CCNP Certified!

Today I achieved the CCNP Certfication! It has been 3 years since I started this journey and I still remember the days when I thought just having my CCNA would be all that I would ever want. Nope! The truth is, if you aspire to CCNA once you finally get there I think the first thing you'll think is, "Hmmm, why don't I just keep going and get that CCNP." Well that's exactly what I did.
The following is the exact exam path I took:

  • 642-813 SWITCH - Failed Taken 1 week before the v2 exams take over
  • 300-101 ROUTE - Failed 2 months later, failed by 4 points!

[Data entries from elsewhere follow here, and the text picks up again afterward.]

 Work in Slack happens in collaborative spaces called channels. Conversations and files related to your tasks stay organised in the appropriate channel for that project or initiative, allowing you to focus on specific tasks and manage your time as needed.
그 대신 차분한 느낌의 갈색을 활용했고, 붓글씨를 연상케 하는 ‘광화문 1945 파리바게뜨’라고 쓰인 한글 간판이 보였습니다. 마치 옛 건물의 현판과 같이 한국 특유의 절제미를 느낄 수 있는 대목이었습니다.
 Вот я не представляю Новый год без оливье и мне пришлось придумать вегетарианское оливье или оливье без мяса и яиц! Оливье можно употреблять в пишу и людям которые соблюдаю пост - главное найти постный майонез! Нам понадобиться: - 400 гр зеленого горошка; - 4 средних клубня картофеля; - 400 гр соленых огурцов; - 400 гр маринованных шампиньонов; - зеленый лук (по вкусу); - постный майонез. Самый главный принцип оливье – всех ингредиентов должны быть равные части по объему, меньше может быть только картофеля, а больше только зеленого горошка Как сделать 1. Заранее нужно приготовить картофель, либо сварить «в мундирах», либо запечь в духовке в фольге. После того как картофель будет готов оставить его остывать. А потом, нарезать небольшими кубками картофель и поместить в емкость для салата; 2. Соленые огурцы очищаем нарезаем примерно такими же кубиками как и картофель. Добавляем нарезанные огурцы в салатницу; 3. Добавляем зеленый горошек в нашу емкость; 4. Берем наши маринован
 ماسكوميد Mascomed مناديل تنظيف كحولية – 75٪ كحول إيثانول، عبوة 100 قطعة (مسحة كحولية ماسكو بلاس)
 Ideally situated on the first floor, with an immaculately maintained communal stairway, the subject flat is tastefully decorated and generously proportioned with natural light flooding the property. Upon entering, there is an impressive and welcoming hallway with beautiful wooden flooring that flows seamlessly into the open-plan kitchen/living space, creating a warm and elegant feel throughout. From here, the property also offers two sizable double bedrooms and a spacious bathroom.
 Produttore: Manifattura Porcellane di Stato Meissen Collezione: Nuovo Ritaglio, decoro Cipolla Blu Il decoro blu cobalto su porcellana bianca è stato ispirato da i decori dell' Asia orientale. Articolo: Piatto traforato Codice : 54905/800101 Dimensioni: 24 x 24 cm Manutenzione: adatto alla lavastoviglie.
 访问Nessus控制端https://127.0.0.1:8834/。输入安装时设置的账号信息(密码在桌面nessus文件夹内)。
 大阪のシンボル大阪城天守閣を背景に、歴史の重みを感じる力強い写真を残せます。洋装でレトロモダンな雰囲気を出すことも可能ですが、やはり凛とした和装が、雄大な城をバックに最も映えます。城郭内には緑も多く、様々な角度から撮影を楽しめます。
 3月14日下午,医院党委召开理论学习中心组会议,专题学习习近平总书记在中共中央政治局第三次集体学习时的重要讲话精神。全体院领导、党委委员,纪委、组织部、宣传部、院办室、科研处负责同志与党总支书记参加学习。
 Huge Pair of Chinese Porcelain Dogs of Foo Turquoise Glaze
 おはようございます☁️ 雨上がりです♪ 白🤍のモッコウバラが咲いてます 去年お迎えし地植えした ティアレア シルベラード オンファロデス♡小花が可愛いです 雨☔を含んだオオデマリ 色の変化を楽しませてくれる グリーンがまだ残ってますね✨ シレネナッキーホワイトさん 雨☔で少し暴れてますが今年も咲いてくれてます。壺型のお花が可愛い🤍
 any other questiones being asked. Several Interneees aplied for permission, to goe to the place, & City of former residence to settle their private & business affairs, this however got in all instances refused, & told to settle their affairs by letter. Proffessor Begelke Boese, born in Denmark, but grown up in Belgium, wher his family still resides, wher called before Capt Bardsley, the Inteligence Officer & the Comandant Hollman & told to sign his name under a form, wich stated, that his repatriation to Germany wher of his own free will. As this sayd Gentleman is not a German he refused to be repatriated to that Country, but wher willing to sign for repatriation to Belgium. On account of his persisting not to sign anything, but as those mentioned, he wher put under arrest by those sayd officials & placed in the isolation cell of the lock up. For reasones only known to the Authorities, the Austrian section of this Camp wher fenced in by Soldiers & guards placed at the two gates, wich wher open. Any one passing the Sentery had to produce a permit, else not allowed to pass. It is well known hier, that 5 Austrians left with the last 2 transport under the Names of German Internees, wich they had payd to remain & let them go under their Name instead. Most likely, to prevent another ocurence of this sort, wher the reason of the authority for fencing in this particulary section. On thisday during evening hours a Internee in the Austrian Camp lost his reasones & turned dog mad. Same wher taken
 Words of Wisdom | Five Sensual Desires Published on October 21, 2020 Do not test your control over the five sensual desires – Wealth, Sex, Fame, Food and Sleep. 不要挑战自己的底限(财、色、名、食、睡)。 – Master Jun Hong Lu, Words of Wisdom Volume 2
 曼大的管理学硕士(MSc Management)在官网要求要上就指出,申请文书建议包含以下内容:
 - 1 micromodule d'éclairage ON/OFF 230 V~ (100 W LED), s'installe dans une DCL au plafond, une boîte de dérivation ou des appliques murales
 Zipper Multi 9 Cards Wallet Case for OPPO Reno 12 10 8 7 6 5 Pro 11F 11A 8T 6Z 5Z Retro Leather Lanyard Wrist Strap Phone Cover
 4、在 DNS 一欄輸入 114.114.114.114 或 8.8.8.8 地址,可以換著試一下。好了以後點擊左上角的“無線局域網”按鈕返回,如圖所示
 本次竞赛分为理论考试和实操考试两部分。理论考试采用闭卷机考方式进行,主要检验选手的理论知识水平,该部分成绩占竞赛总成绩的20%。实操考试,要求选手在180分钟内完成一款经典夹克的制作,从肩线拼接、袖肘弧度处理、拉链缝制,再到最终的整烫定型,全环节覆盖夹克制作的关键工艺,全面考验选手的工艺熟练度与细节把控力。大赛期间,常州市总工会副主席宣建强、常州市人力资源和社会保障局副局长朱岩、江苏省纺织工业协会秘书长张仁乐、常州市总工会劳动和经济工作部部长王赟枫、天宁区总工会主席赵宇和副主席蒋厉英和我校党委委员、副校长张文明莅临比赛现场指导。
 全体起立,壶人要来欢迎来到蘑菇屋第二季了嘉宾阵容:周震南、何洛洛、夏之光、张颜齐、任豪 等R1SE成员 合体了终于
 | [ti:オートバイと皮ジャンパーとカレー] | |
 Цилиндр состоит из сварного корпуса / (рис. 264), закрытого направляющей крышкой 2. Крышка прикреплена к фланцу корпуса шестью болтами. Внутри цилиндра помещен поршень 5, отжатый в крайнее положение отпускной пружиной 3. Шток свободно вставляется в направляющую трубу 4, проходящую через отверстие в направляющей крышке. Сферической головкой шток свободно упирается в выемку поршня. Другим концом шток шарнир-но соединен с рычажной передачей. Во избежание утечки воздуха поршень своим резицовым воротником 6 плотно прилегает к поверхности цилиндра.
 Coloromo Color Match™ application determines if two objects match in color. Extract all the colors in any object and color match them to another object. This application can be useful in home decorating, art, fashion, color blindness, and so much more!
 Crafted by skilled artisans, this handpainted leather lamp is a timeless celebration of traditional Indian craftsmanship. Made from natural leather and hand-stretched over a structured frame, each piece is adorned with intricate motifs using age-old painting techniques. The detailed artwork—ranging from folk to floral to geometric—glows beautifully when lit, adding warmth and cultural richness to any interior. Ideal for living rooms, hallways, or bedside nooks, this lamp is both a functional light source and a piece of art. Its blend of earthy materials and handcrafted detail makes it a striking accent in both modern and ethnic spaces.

  • 300-101 ROUTE - Passed 1 week later
  • 300-135 TSHOOT - Passed 3 weeks later
  • 300-115 SWITCH - Passed 2 weeks later
You'll notice that I ended up taking and passing SWITCH last. In fact, many of my friends thought I had gotten my CCNP when I announced that  I passed TSHOOT! (it being the usual final test) Well I took the old SWITCH exam rushed. It was going end of life soon and I was studying for that exam! So, unfortunately, I needed to take it rush and it showed. I bombed that test pretty hard. By then I needed to move on. A lot of stuff I was studying for at work was related to more of the ROUTE path so I had to leave SWITCH behind. The test had changed over to version 2 and I just didn't have the time to learn the new topics. I would have to come back for it. I really do not recommend doing this. The choice to abandon SWITCH and move on to the other two tests just means you will forget much of the intricate material. The best way to do things if you fail is to just sign up again a few weeks later and bust your tail to learn the topics you were weak in.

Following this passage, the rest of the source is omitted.